Golden traces stop regressions and make disagreements concrete (“which case failed?”).
Evaluation: outcomes over tokens
Don’t optimize for shorter prompts or higher BLEU. Optimize for business outcomes:
CorrectRouting (label agreement with human triage)
First-Contact Resolution (FCR)
Time-to-Valid (TTV)
$/Accepted (cost per successful outcome)
Log for every call: prompt version, model, retrieval set, tool calls, citations, latency, and decision outcome. That’s your prompt telemetry.
Managing change safely: flags, canaries, rollback
Ship prompts like code:
Version them (support_triage.v7).
Wrap in a feature flag with variants (v6 control, v7 candidate).
Canary to 5–10% of traffic; monitor guardrails.
Promote or rollback with a single flag change that leaves an audit receipt (change ID).
This keeps UX stable while you learn.
Prompt + context: retrieval is a product
Context engineering is supplementary, not a substitute. Good prompts still fail with noisy context. Set a retrieval policy:
Eligibility: define what is allowed (certified docs, recency window, role-based views).
Claim shaping: convert free text into explicit claims (IDs, fields, spans).
Minimal-span citations: link only the lines that back the answer.
Fallbacks: when context is weak, ask one targeted question or decline.
A simple retrieval policy stub:
retrieval_policy:
k: 6
filters: {tag: "kb:certified", lang: "en"}
recency_days: 365
disallow: ["draft", "sandbox"]
cite: "minimal_span"
Tool use without tears
Bind tools as typed functions. Prompts reference capabilities; the runtime enforces them.
# tools.py
from pydantic import BaseModel
class LookupCustomerArgs(BaseModel): email: str
class CreateTicketArgs(BaseModel): summary: str; priority: str
def lookup_customer(a: LookupCustomerArgs) -> dict: ...
def create_ticket(a: CreateTicketArgs) -> dict: ...
The model proposes tool calls; your executor validates arguments, runs the tool, and returns a receipt (e.g., TKT-1234).
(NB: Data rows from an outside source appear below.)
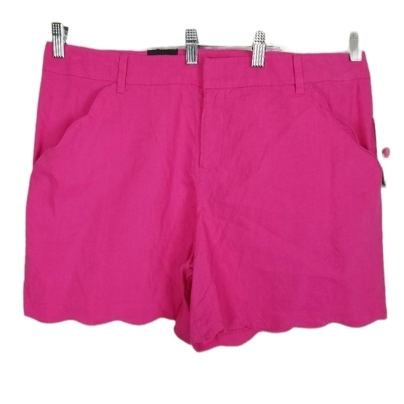 INC NWT Shorts Linen Blend Scallop Hem Regular Fit Women's Size 16 Intense Pink
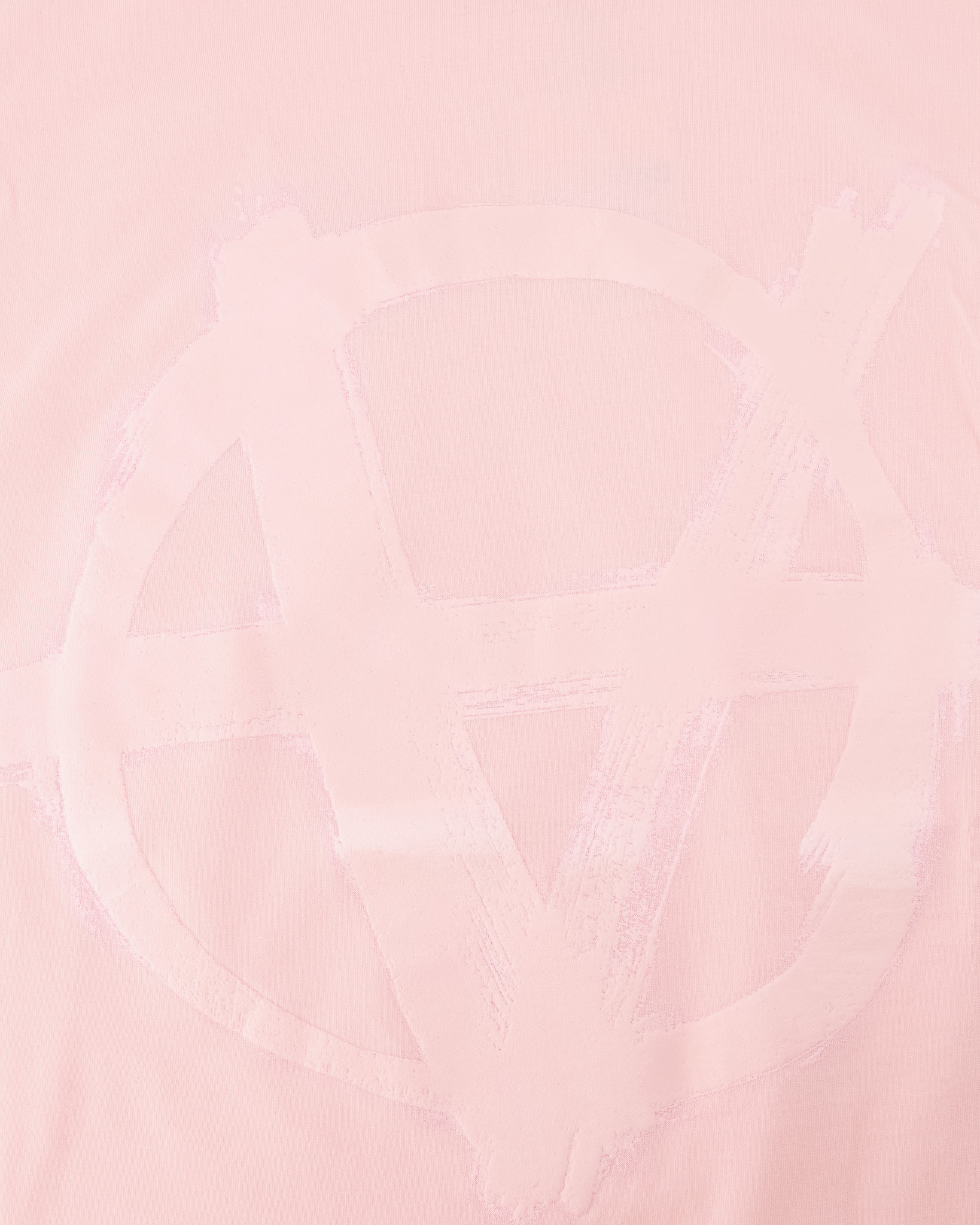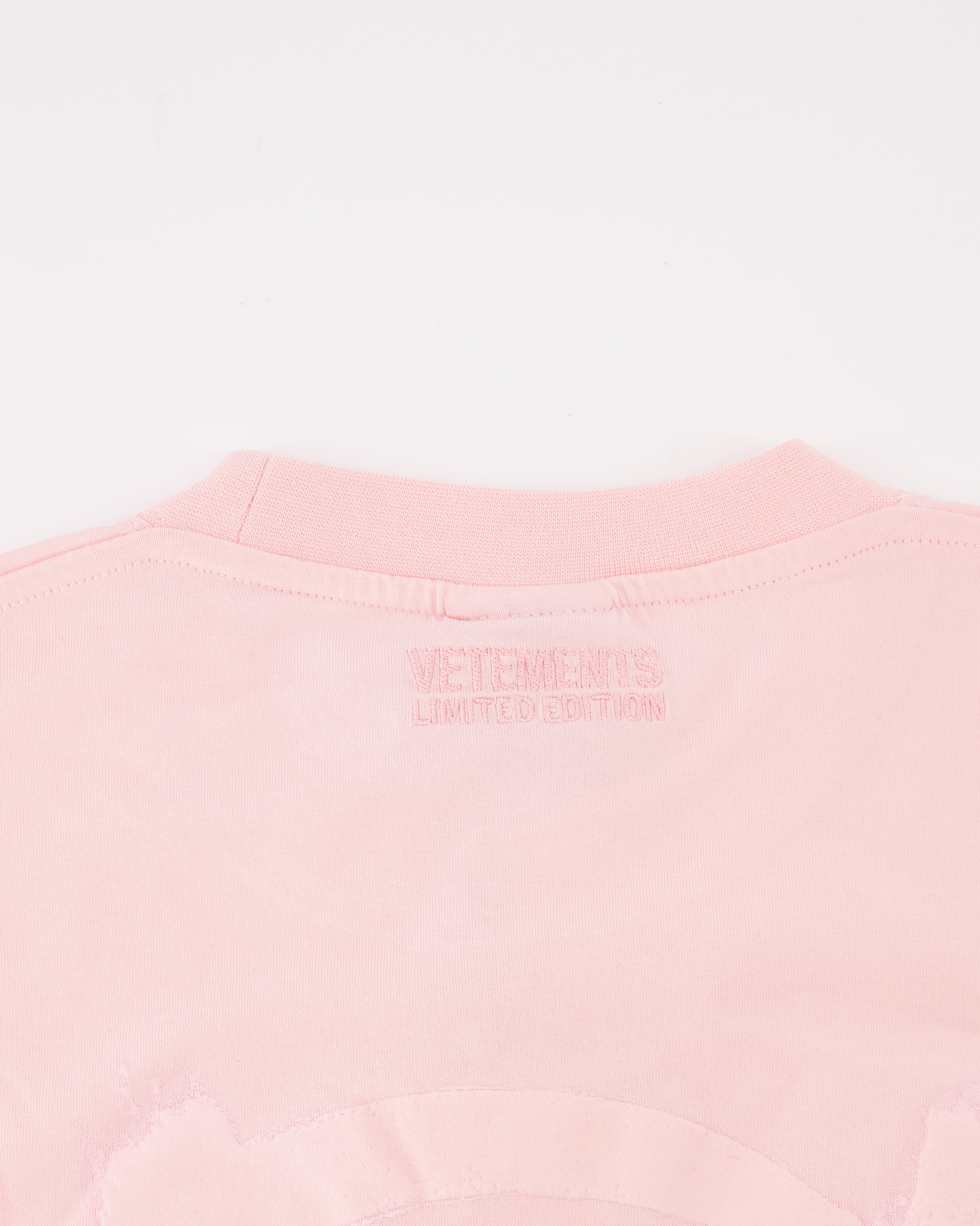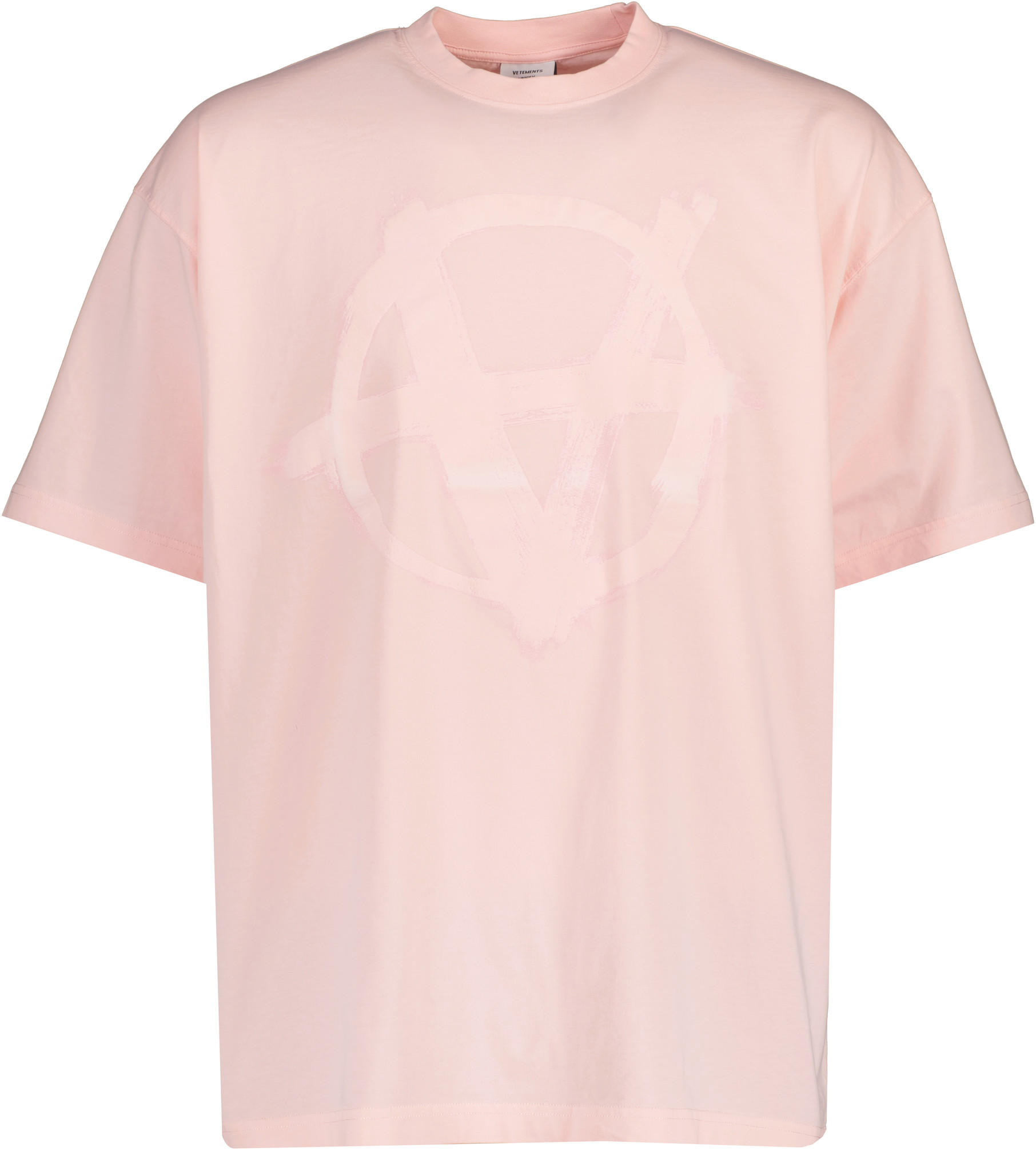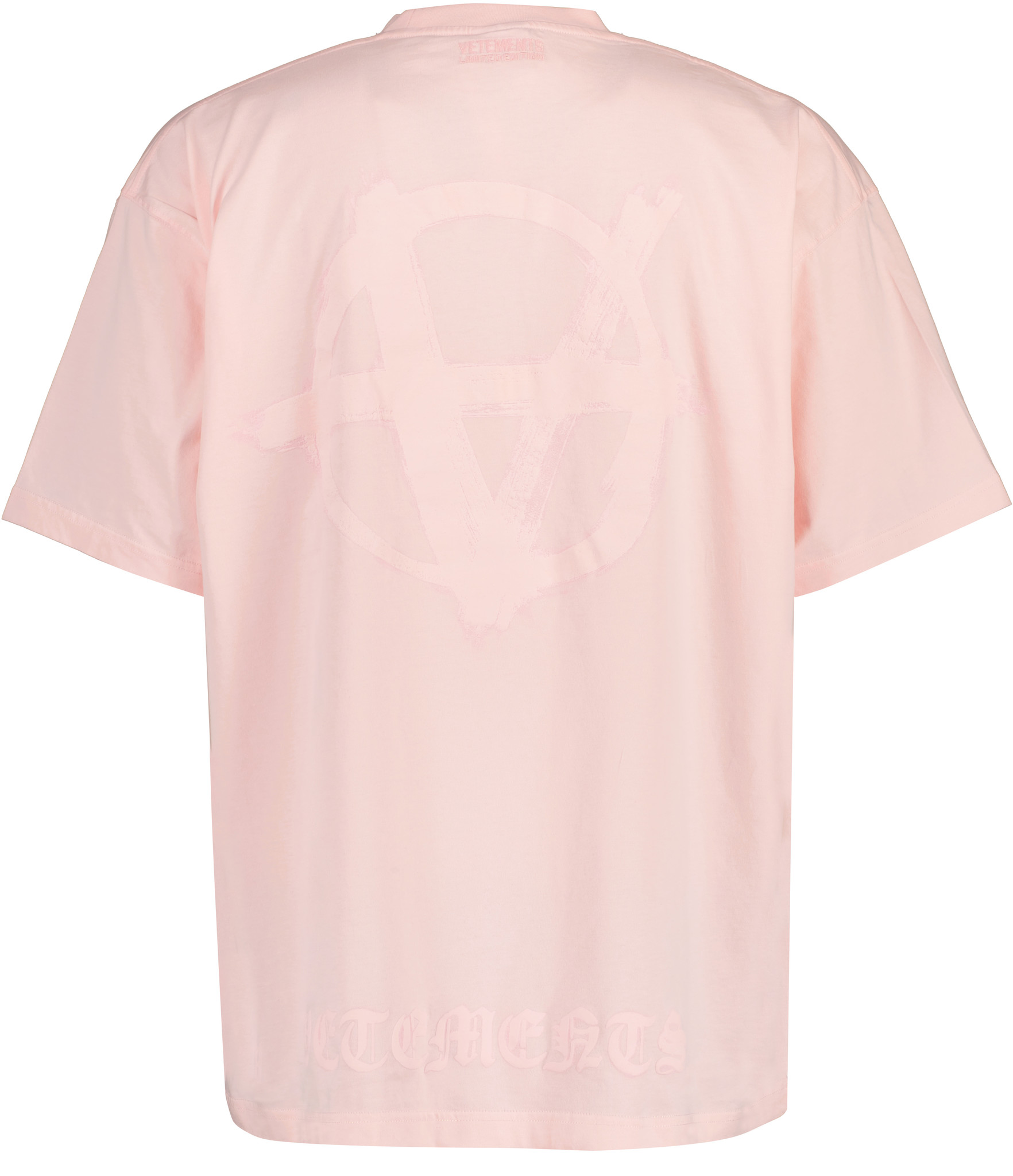 Roze Double Anarchy Logo T-shirt van het merk Vetements. Het oversized t-shirt heeft een ronde hals, korte mouwen en een print op de borst en rug.
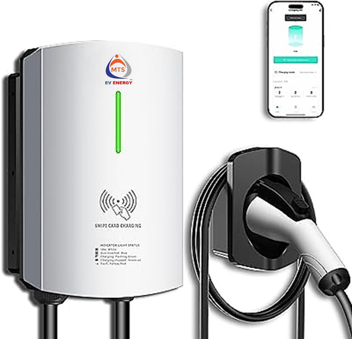 • Question: How does the swipe card functionality work?Answer: The swipe card functionality allows users to initiate a charging session quickly and conveniently using a card, similar to a credit or access card. This system is designed for ease of use, as it eliminates the need for complex app interactions every time you charge. Once the system recognizes the card, it activates charging, ensuring a seamless experience. This feature is particularly beneficial in shared residential garages or multi-family housing where different users frequently charge their electric vehicles.
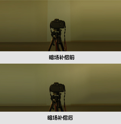 投影機(jī)的漏光,是指投影圖像為全黑色的時候,投影機(jī)仍舊有一部分光線能投射到投影幕上。這樣兩臺投影疊加以后,在純黑場的時候會出現(xiàn)一個中間亮帶。融合器需要用提升非疊加部分光強(qiáng)的方式,來抵消亮帶,這一個過程為暗場補(bǔ)償。
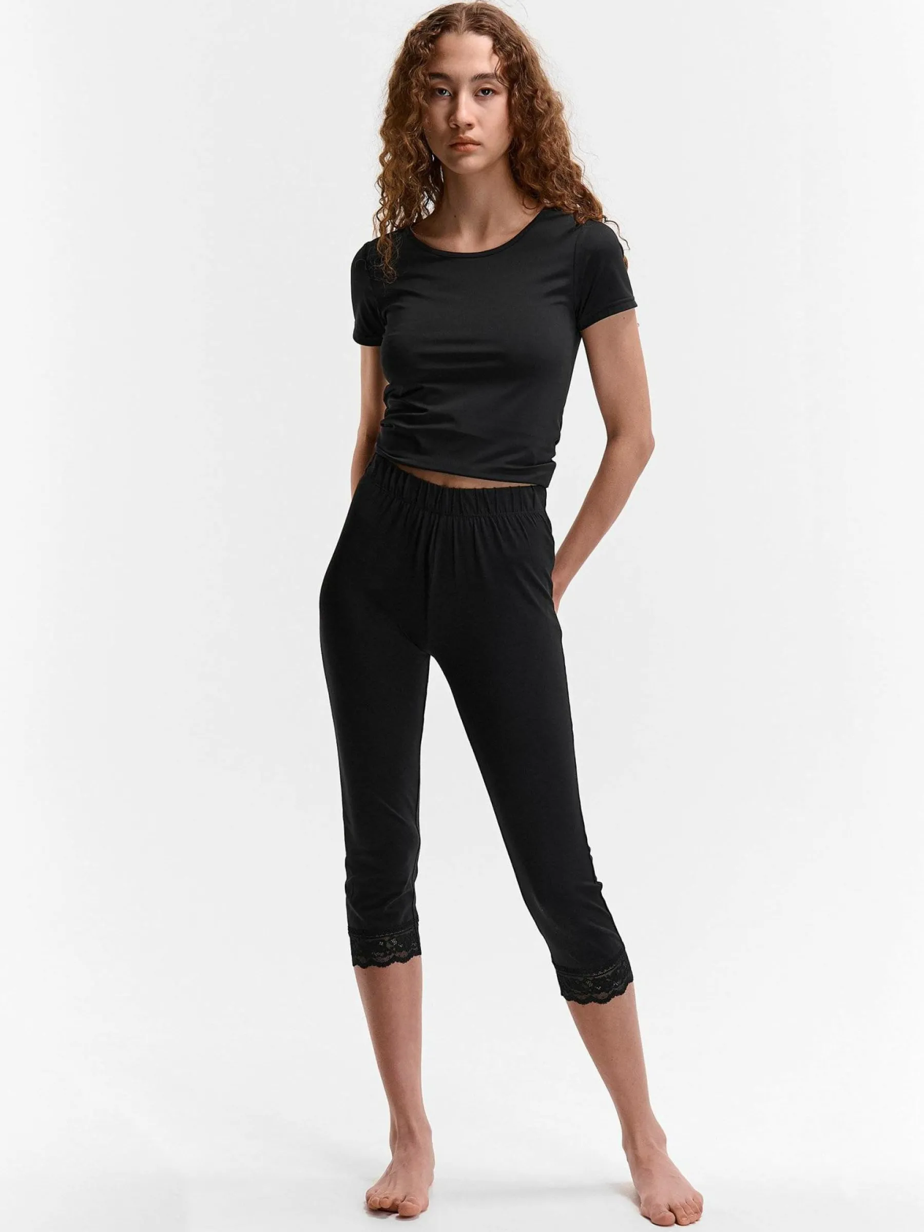 Kolor: czarnyKrój: slimTyp: legginsyDługość: trzy czwartePattern style: pojedynczy kolorDetal: z elastyczną opaską…
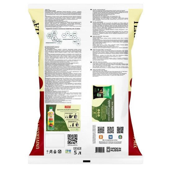 | Основные питательные вещества в мг/л, не менее | азот (NH4+NO3) - 180; фосфор (P2O5) - 300; калий (K2O) - 350; pH солевой суспензии - 6,0-6,5 |
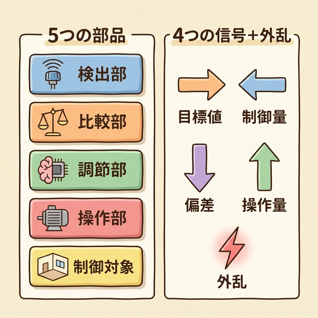 検出部(センサー)→ 比較部(ズレを計算)→ 調節部(指示を出す)→ 操作部(実際に動く)→ 制御対象(コントロールしたいもの)
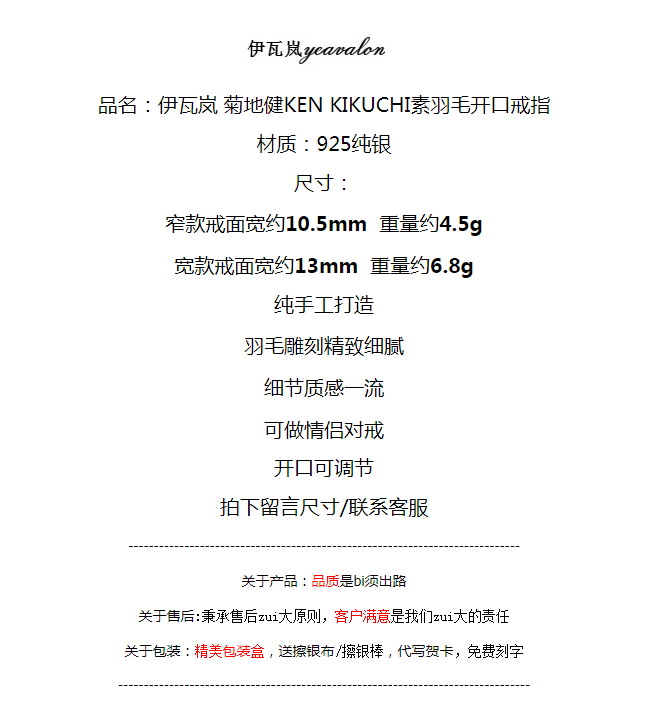 99¥ CZ3457 o97Cdzf8Se1¥ https://m.tb.cn/h.5VHOkPc 菊地健KEN KIKUCHI寬版窄版素羽毛戒指男女開口情侶對戒純銀尾戒 --------------------- 菊地健KEN KIKUCHI寬版窄版素羽毛戒指男女開口情侶對戒純銀尾戒 --------------------- 【原售價】128元 【優惠券】10元 【券后價】118元。
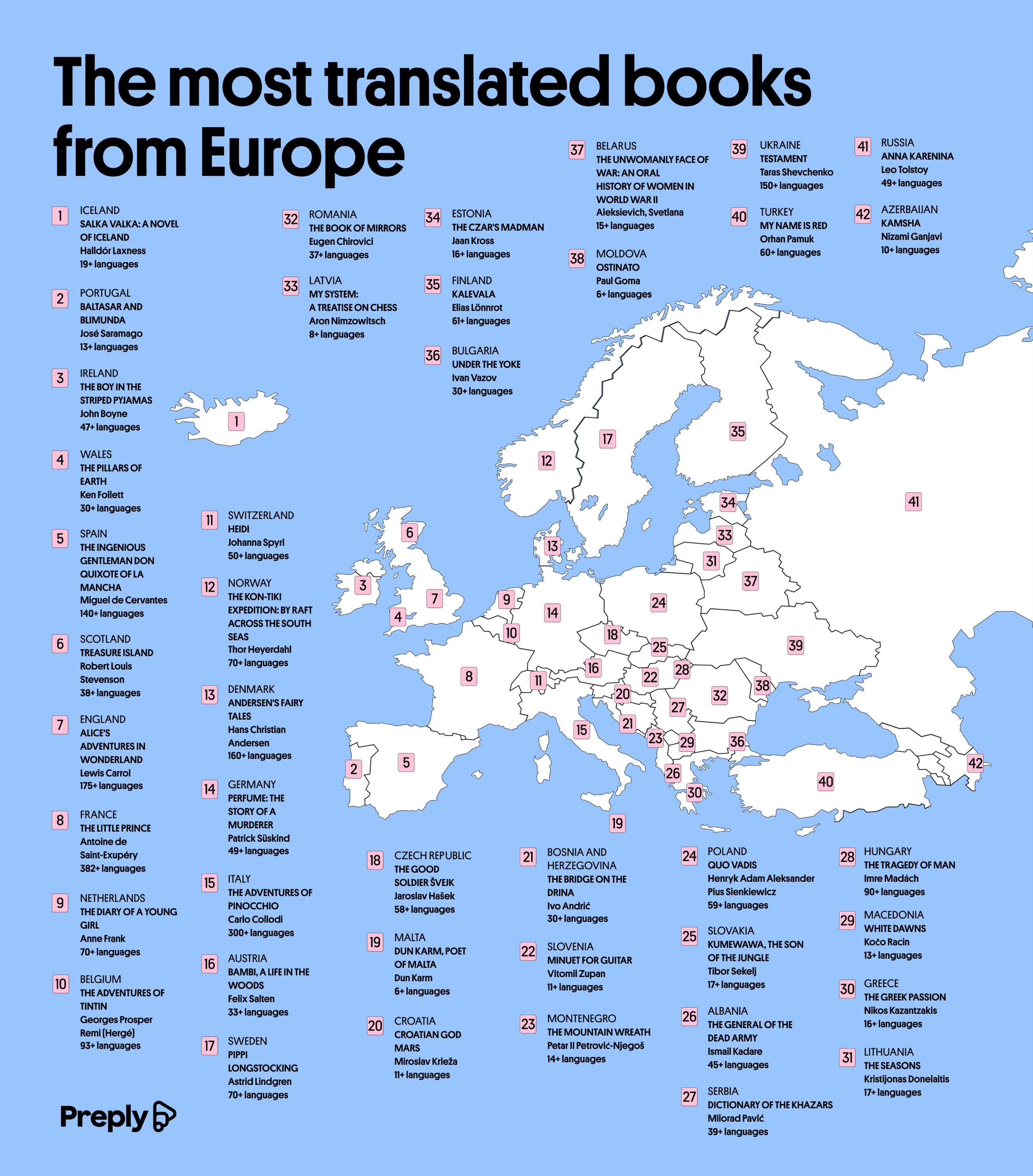 Например, абсолютным лидером по количеству переводов в мире после Библии является повесть "Маленький принц" французского писателя Антуана де-Сента Эзюпери – произведение переведено аж на 382 языка мира. Среди других лидеров:
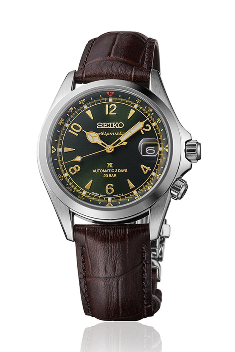 続いて「レザーストラップベルトが好きなんですよ」と語り、腕に着けたのが「アルピニスト」。〈セイコー〉初のスポーツウオッチ「ローレル アルピニスト」をルーツにもつ、モダンかつクラシカルなデザイン性を兼備した名機だ。
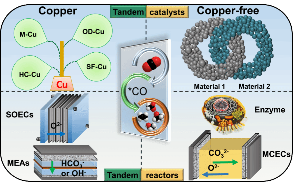 尽管串联eCO2RR已经得到了广泛的研究,但由于对催化剂设计和串联反应器与其催化性能之间关系的了解有限,严重阻碍了其发展。本综述总结了近年来优秀的串联催化剂开发策略,包括有调节铜基催化剂的金属组成、氧化态、表面功能化或无铜复合材料(图1)。对于串联反应器,eCO2RR主要与电化学反应器、热化学反应器和生物反应器等相结合。虽然在过去的三十年里,科学界已经抓住了一些关于eCO2RR串联催化的关键基础理论、科学和技术,但eCO2RR在工业生产中的实际应用还有很长的路要走。
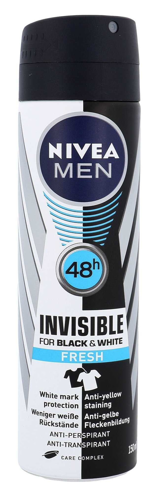 **Nivea Men Invisible For Black & White 48h Fresh** Antiperspirant. Antiperspirant Nivea Men Invisible For Black & White 48h Fresh předchází vzniku bílých stop na černém oblečení a žlutých skvrn na bílém oblečení. Poskytuje 48hodinovou ochranu proti pocení a zápachu. Se svěží vůní pro pocit čistoty. **Použití**: Aplikujete ze vzdálenosti 15 cm přímo na pokožku podpaží. Nechte zaschnout. Nepoužívejte na poraněnou či podrážděnou pokožku.

The prompt never claims success without a receipt.
Compression and cost control
Cost isn’t just model price; it’s context length × call volume × retries. Practical levers:
Prompt compression: template constants, abbreviate system text, move long policy to IDs (fetched once).
Context pruning: keep top-k with redundancy penalties; ban long, low-signal blobs.
Model mix: route by difficulty/uncertainty; use small models for easy paths, escalate only when needed.
Caching: semantic + exact-match caches keyed by normalized inputs and context fingerprint.
Failure handling that users trust
Write for failure explicitly:
Schema violations: “Emit a valid JSON object; if invalid, self-correct once.”
Low confidence: “If uncertainty > 0.4, ask one clarifying question.”
Tool errors: “If a tool fails, surface the receipt and attempt once with a different parameter; otherwise escalate.”
Policy conflicts: “If policy blocks an answer, summarize why and suggest a safe alternative.”
These clauses prevent awkward silence and preserve auditability.
Example: a full prompt “bundle”
Bundle prompt text, schema, retrieval policy, and budgets in one artifact.
bundle_id: "support_triage.v7"
model: "gpt-5-large"
system_prompt: |
You triage support messages. Use tools only as declared. Output JSON per schema.
Mask PII in free text. Cite minimal spans.
schema: {"type":"object","required":["summary","category","priority","next_action","citations"],"...": "..."}
retrieval_policy: {k:6, filters:{tag:"kb:certified"}, recency_days:365}
tools: [LookupCustomer, GetOrders, CreateTicket]
budgets: {max_input_tokens:4000, max_output_tokens:500, latency_slo_ms:1500}
flags:
key: "support.triage.bundle"
variants: {"v6":"support_triage.v6","v7":"support_triage.v7"}
tests: "tests/support_triage_golden.yaml"
Ship this bundle through your CI pipeline; run goldens; deploy behind a flag; watch guardrails; promote with a receipt.
Conclusion
Production-grade prompt engineering is software engineering: contracts, tests, telemetry, and change control. Keep prompts succinct but explicit, pair them with clean context, measure outcomes, and ship with flags and receipts. Do this, and your prompts won’t just be clever—they’ll be reliable, scalable, and revenue-positive.